# Thoughts on Bridge City HP-6v2 and HP-8 wanted



## Texchappy (Apr 27, 2012)

Found these while wandering around last night when I couldn't sleep. They look like cool and useful tools if just a tad pricey. Heard good things about Bridge City. Definitely can't afford most of their planes but these too are within reach if I can get one before they run out.
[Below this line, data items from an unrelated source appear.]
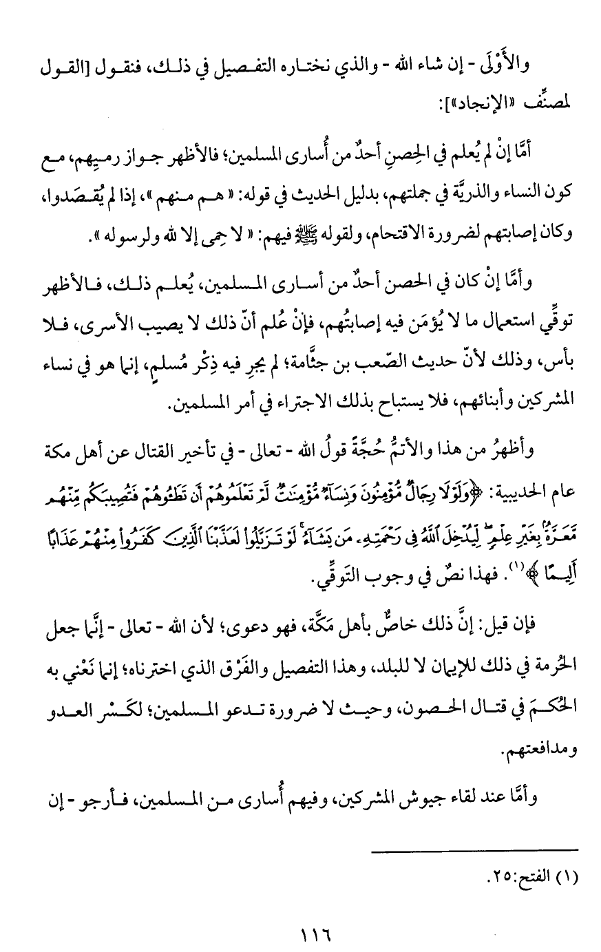 فإن قيل: إنَّ ذلك خاصٌّ بأهل مَكَّة، فهو دعوى؛ لأن الله -تعالى- إنَّما جعل الحُرمة في ذلك للإيمان لا للبلد، وهذا التفصيل والفَرْق الذي اخترناه؛ إنما نَعْني به الحُكمَ في قتال الحصون، وحيث لا ضرورة تدعو المسلمين؛ لكَسْر العدو ومدافعتهم.
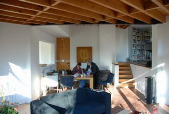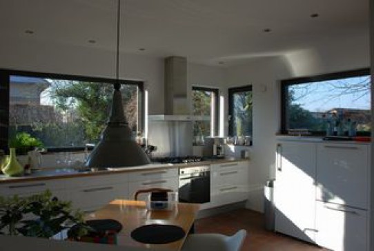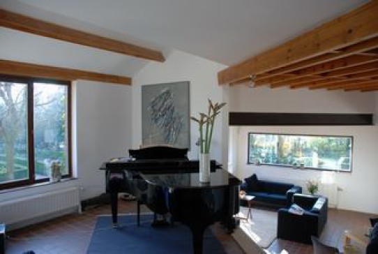 A large (320 m2) split level country house constructed by architect (1980); surrounded by gardens, an orchard/meadow with sheep and woodland scenery (total 0.6 ha/6000m2). Chill out area with open fire.
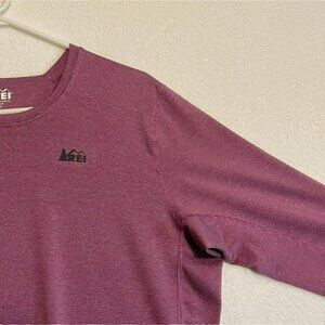 REI Performance Tee Long Sleeve Crew Neck Stretchy Women's XL Pink Gray Stripes
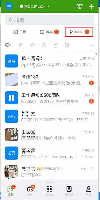 流程节点负责人收到催办后,有 DING消息,并在我的待办下,发现流程有催办标识。。
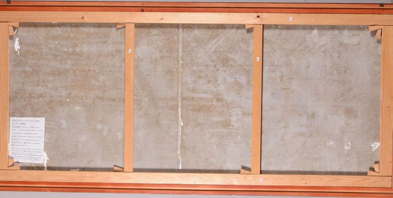 olio su tela, cm 93x210, firmato in alto a destra
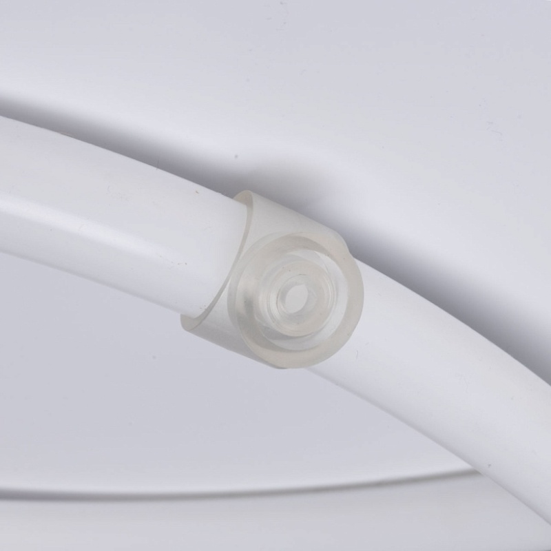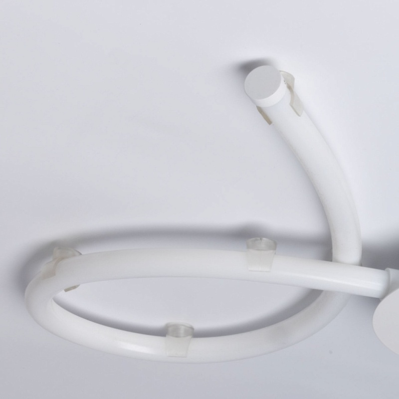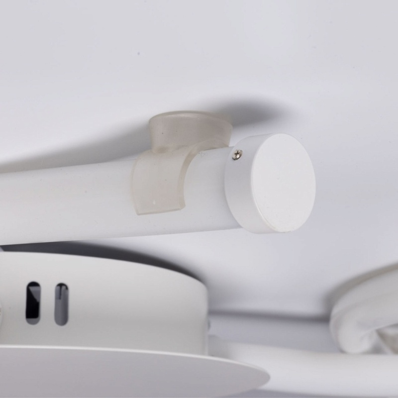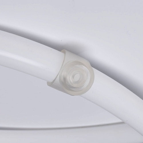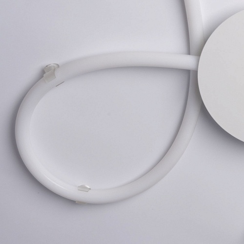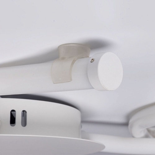 Металлическое основание потолочной люстры окрашено в белый цвет. Светодиодные источники света закрыты белым силиконом.
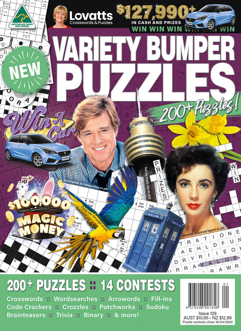 Filled to the brim with the best mix of fun and relaxing puzzles, Variety Bumper Puzzles has over 200 puzzles to keep you entertained for hours! It's Lovatts Crosswords & Puzzles' biggest magazine with 120 pages of arrowords, wordsearches, crosswords, trivia, brainteasers, logic puzzles, patchworks, fill-ins, and more, there’s sure to be something for everyone. Plus, there are lots of contests in every issue and over $127,990 in cash and prizes to be won!
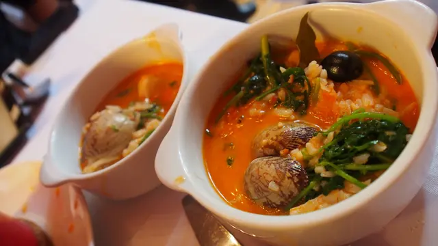 12月2日星期一,喺冇訂位情況下1:00左右上去,睇吓可唔可以喺度食晏。去到等咗一陣,待應小姐就安排入座。可能因為平日關係,見入席率唔高,我同大佬2個人安排咗喺第一間房嘅窗邊位置,當時房內得一枱客,不過冇幾耐間房都只剩低我哋,好似包房咁,成餐飯都喺好舒服,好寧靜同放鬆嘅心情享用。經過待應小姐一輪介紹之後,就送上餐前汽酒同麵包,麵包配上橄欖油浸住啲橄欖蓉,令香軟暖暖嘅餐包味道更佳。是日我哋點咗:八爪魚沙律 - 主角八爪魚粒軟糯,重重海鮮味,配上大量蒜粒、洋蔥粒、青椒紅椒、黑橄欖同香草混入香味濃郁嘅橄欖油,真係食唔停口。迷你沙丁魚 - 一層薄薄嘅脆漿,好香脆,魚成條冇劏過,一啖咬落去魚汁爆出嚟,魚頭都可以食埋,不但冇苦澀味同腥味,仲有好香濃嘅新鮮魚味,一碟5小條,送酒一流。海鮮燴飯 - 瓷砵裡面裝滿濃濃稠稠嘅海鮮湯,短短圓圓嘅飯粒,每一啖都爆發住海鮮嘅味道,食落似好香濃嘅龍蝦湯味。軟淋得嚟煙韌嘅魷魚,食到魷魚香甜,青口size唔細,但係食落一啲都唔韌,真正青口味十足。仲有彈牙鮮甜嘅大蝦同蜆,海鮮絕不欺場。Red Sangria 1 Jar 清香生果混紅酒嘅一流配搭。而且待應小姐唔會成日不斷添酒,服務尚算貼心。成餐飯慢慢享受,服務唔會過於殷勤,一邊食一邊望住窗外環境,好寧靜,食物又非常美味。呢一刻真正係忘記晒所有煩囂!…查看更多

So any thoughts on them? Any users?

TIA,
Tony


----------



## Bertha (Jan 10, 2011)

^I've heard nothing but good things about them. There are a few guys in the handplanes of your dreams thread that I know own them. They'll be happy to tell you what they think, I'm sure. They're expensive, true, but they're very functional and the quality is a no-brainer, obviously. I'll be jealous if you get them


----------



## Texchappy (Apr 27, 2012)

I'm wondering if getting the rabbet profile which says that can function as a 55* block plane would allow it to function for my block plane needs for a while?


----------



## JGM0658 (Aug 16, 2011)

I do not own the HP-8 but I own the HP-6 and the HP6v2. They are small planes so I am not sure if you would want to use them as a block plane as the surface you would be using is about 1 inch or so. In my opinion the strength of the HP6 planes are decorative face and corner cuts. If you have a use for these then get one, they are great, if you don't and all you want is a rabbet plane then I think there are cheaper alternatives like the Veritas planes.

I use my planes a lot for window edge and face decorations but I have not found much use for them outside of these applications. Of course this could be only my limited imagination..


----------



## Texchappy (Apr 27, 2012)

Or perhaps I'm using too much imagination for the capability of the plane  Kinda why I asked the question.


----------



## Loren (May 30, 2008)

Have you ever used a multi-plane?

It's not as much fun as you might expect.

Those Bridge City tools are collectible though so you can
count on recovering most of your investment if it 
doesn't work for you.


----------



## Texchappy (Apr 27, 2012)

Haven't used a multiplane so you might be correct. It hits my techie vibe just right but probably not a good reason to get a woodworking tool


----------



## Themesong (Sep 29, 2011)

I have several Bridge City plane/tools and am very satisfied with their performance and ease of use.
Tolls are expensive. With proper care they should last through several generations of woodworkers/.


----------